[HOW TO COMPLETE THIS TASK] Without including any images, set down the records below exactly.

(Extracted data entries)
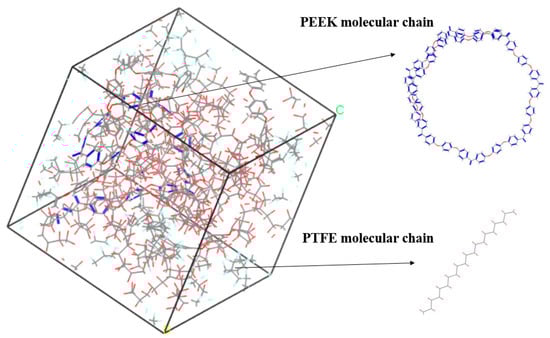 The amorphous molecular model of the PEEK/PTFE composites was built by a molecular dynamic software, Materials Studio 8.0. The cubic crystal lattice can be constructed by the packing and construction functions. But considering the calculation amount and efficiency during simulation, in the amorphous cell module, based on the Monte Carlo method, through the calculation of a “random number”, when selecting the packing function in the build module, the base density was set to 1.9 g/cm3 [12], the Mole Ratio of the PTFE and PEEK was 26:1, and the Weight% was 90:10. The PTFE chain and PEEK chain were constructed into a lattice to form the required amorphous polymer composite material model, and the volume of the periodic cubic lattice was 3 nm × 3 nm × 3 nm. The force field used to build the model was the Compass II force field, which was suitable for the molecular model construction and performance simulation and the calculation of the composite materials. The calculation of the electrostatic force was carried out by the Ewald method, and the calculation of the van der Waals force was carried out by the Atom-based method. The truncated radius was set to 1.2 nm, as shown in Figure 3.
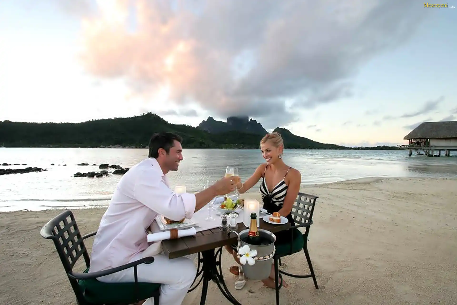 Morze, Plaża, Kobieta, Mężczyzna, Szampan
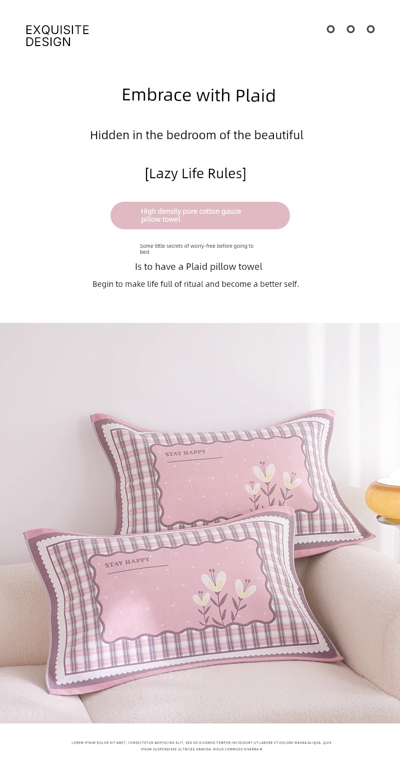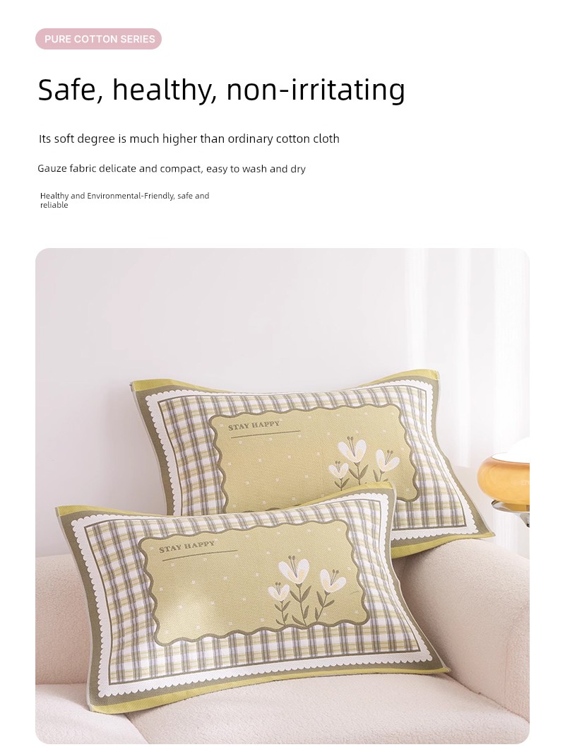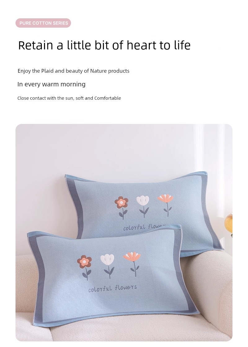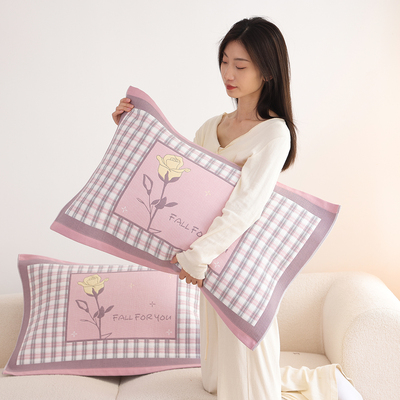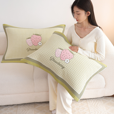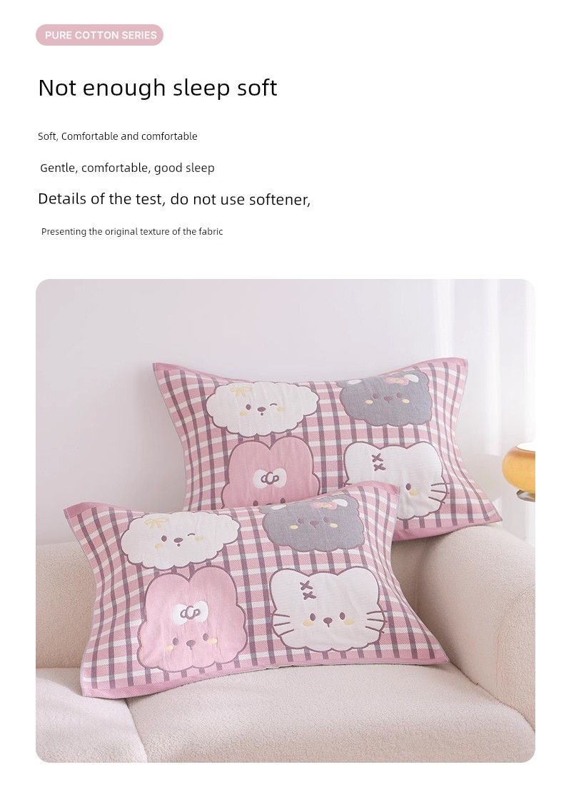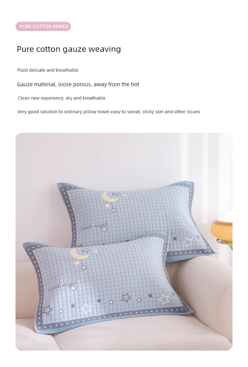 High Density Pure Cotton Gauze Pillow Cover Pair All Year Round Neutral Cartoon Non-Slip Breathable Adult Home Use All-Cotton Pillow Cover Towel
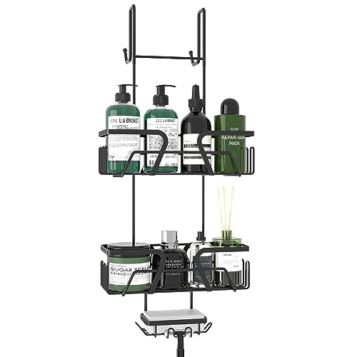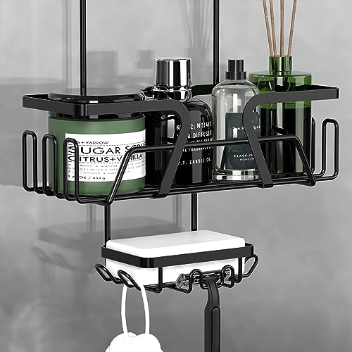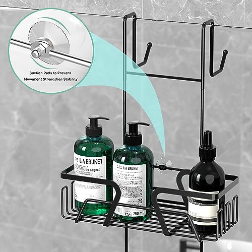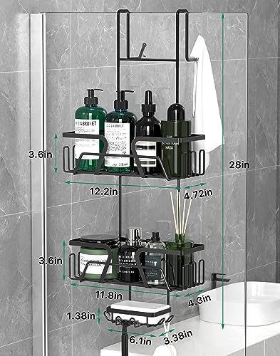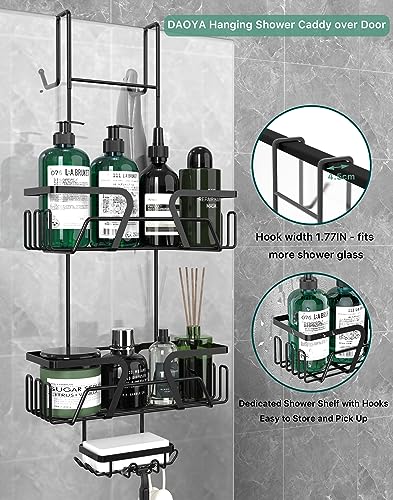 DAOYA - حامل دش معلق فوق الباب من داويا - رف تخزين سلة مع صابون وخطافات منظم الستانلس ستيل لباب الحمام الزجاجي اسود
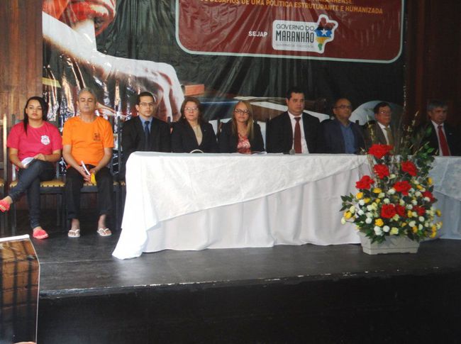 Formando a mesa com representantes dos Poderes Executivo e Judiciário, da DPE/MA e do Ministério Público, a interna do Presídio Feminino, Vanessa de Sousa Matos, de 24 anos, foi quem abriu os discursos. Ela falou um pouco sobre a própria vida dentro do estabelecimento penal. “Na unidade prisional já fiz vários cursos, fiz o de informática, cabelereiro, depilação e outros. Acredito que isso vai me ajudar muito quando eu sair”, contou Vanessa Matos.
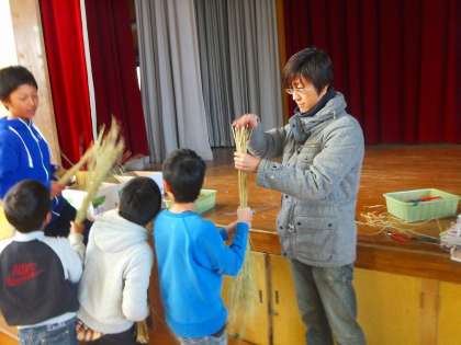 5年生は,10月の稲刈りの際に残ったわらを使って,わら細工をします。今日の1・2校時に地域の方や保護者の方に来ていただき,体育館でわらを60本ずつそろえるところから始めました。

[SOLUTION TO THE EXERCISE]
 The amorphous molecular model of the PEEK/PTFE composites was built by a molecular dynamic software, Materials Studio 8.0. The cubic crystal lattice can be constructed by the packing and construction functions. But considering the calculation amount and efficiency during simulation, in the amorphous cell module, based on the Monte Carlo method, through the calculation of a “random number”, when selecting the packing function in the build module, the base density was set to 1.9 g/cm3 [12], the Mole Ratio of the PTFE and PEEK was 26:1, and the Weight% was 90:10. The PTFE chain and PEEK chain were constructed into a lattice to form the required amorphous polymer composite material model, and the volume of the periodic cubic lattice was 3 nm × 3 nm × 3 nm. The force field used to build the model was the Compass II force field, which was suitable for the molecular model construction and performance simulation and the calculation of the composite materials. The calculation of the electrostatic force was carried out by the Ewald method, and the calculation of the van der Waals force was carried out by the Atom-based method. The truncated radius was set to 1.2 nm, as shown in Figure 3.
 Morze, Plaża, Kobieta, Mężczyzna, Szampan
 High Density Pure Cotton Gauze Pillow Cover Pair All Year Round Neutral Cartoon Non-Slip Breathable Adult Home Use All-Cotton Pillow Cover Towel
 DAOYA - حامل دش معلق فوق الباب من داويا - رف تخزين سلة مع صابون وخطافات منظم الستانلس ستيل لباب الحمام الزجاجي اسود
 Formando a mesa com representantes dos Poderes Executivo e Judiciário, da DPE/MA e do Ministério Público, a interna do Presídio Feminino, Vanessa de Sousa Matos, de 24 anos, foi quem abriu os discursos. Ela falou um pouco sobre a própria vida dentro do estabelecimento penal. “Na unidade prisional já fiz vários cursos, fiz o de informática, cabelereiro, depilação e outros. Acredito que isso vai me ajudar muito quando eu sair”, contou Vanessa Matos.
 5年生は,10月の稲刈りの際に残ったわらを使って,わら細工をします。今日の1・2校時に地域の方や保護者の方に来ていただき,体育館でわらを60本ずつそろえるところから始めました。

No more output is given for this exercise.